23 January 2017 – an op-ed by Tanya Chapuisat

“In Syria, I only saw numbers in my mathematics book. Now, my tent is number 19, my camp is number 007 and my UN card has a number. I hate numbers. I am just a number. I don’t feel human anymore.” These are the words of a Syrian refugee child in Lebanon.

Mohamad is another one. His hands, blistered and dry from cement dust tell his story. Mohamad fears he will never go to school again: “You’re supposed to start school when you’re six years old, not 15,” he says.

Waiting and uncertainty are eating up the lives of Syria‘s children. When asked about the point of attending school, one 4-year-old explained that he would need to be able to read signs if he ever got kidnapped, to be able to find his way home.

These words represent hundreds of thousands of voices – voices of Syrian refugee children now living in Lebanon. They live in an informal settlement, one of thousands in Lebanon, the country hosting the highest number of refugee children per capita in the world.

Playing in the mud is their way of killing time. They have no schools, no pencils and no books. One day just drags into another. This is not a life for these children, for any child. Yet, it is the sad reality for close to 200,000 school-aged Syrian children in the country.

Last summer, UNICEF filmed and produced an interactive documentary, #ImagineASchool, on a generation of children denied their basic right to education. Launched online today, it gives a rare insight into the lives of children shaped by the absence of schooling. Featuring 19 interviews of children and an extraordinary collection of class photos – the documentary is shot not in schools, but in the drab surroundings of an informal refugee settlement.

A child’s place is in a classroom. Schools give purpose, structure and routine, a feeling of safety and normalcy. In the long run, only education can end inter-generational cycles of poverty and discrimination, prevent extremism and despair. Never is education more crucial than in times of conflict. For a child whose short life has been marked by violence, loss, fear and displacement, education represents the last resort of a life worth living.

Children’s voices featured in the documentary are a reminder of what has been lost. It is heartbreaking to see children that have stopped speaking, their development set back because of trauma and shock. Others speak of their hopes and aspirations. We can help put these children back on track. When asked what they want to be when they grow up, many say they want to be teachers – a reminder of the powerful impact of educators as role models.

There has been progress.

Countless children are now receiving an education. With the help of the Government of Lebanon, the United Nations, donors and NGOs, the Lebanese public school system has shown remarkable hospitality and strength. It has been an impressive achievement to lift school fees for all children in Lebanon.

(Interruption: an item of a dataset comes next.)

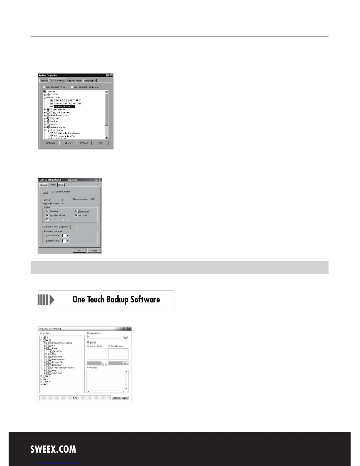 If you wish to use the One Touch Back-up function, put the Sweex CD-ROM in the CD-ROM player and click on "One Touch Back-up Software”.

But we can do better. Every Syrian child in the country should be attending school.

If there is a common theme to these children’s accounts, it is a combination of loss, determination and hope.

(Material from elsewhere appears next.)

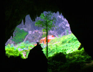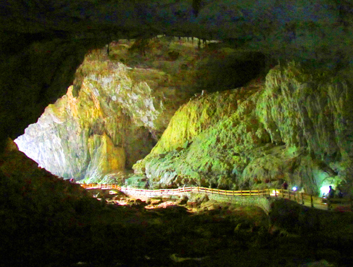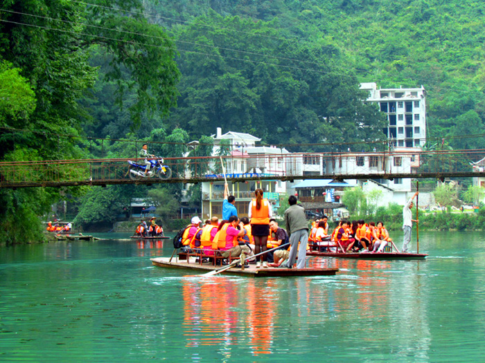 离开长寿水晶宫来到位于巴马甲篆乡烈屯西北面的漠斋山下的百鸟岩,这里也叫龙虎洞。因洞内燕子栖集,蝙蝠掠飞,又名百鸟洞。来这里其实主要是在景区中被称为“水波天窗”的长河里泛舟游览。

That you have been able to read this far is because you were fortunate enough to go to school. For many Syrian children today, the basic right to education has become a luxury. The stories of Mohamad, Sidra, Assia and all the other children in the UNICEF documentary www.imagineaschool.com, are stories of children imagining an alternative future, a future that is still within reach if we give these children the chance of claiming the simple right you and I enjoyed. If we listen carefully to their testimonies, there are glimpses of an amazing potential and alternative futures – if we choose to listen….

Their plight, and their courage, is a call for action and a stark warning. Should we fail the children that tell us that they envy birds for their wings and that their homes feel like prison- neither history nor the children, will judge us kindly – nor should they. Their voices are a reminder of what we stand to gain – or to lose. Time is not on our side. Let’s listen to these children and act now, to reach every child with education wherever they are.

*Tanya Chapuisat is UNICEF’s Representative in Lebanon.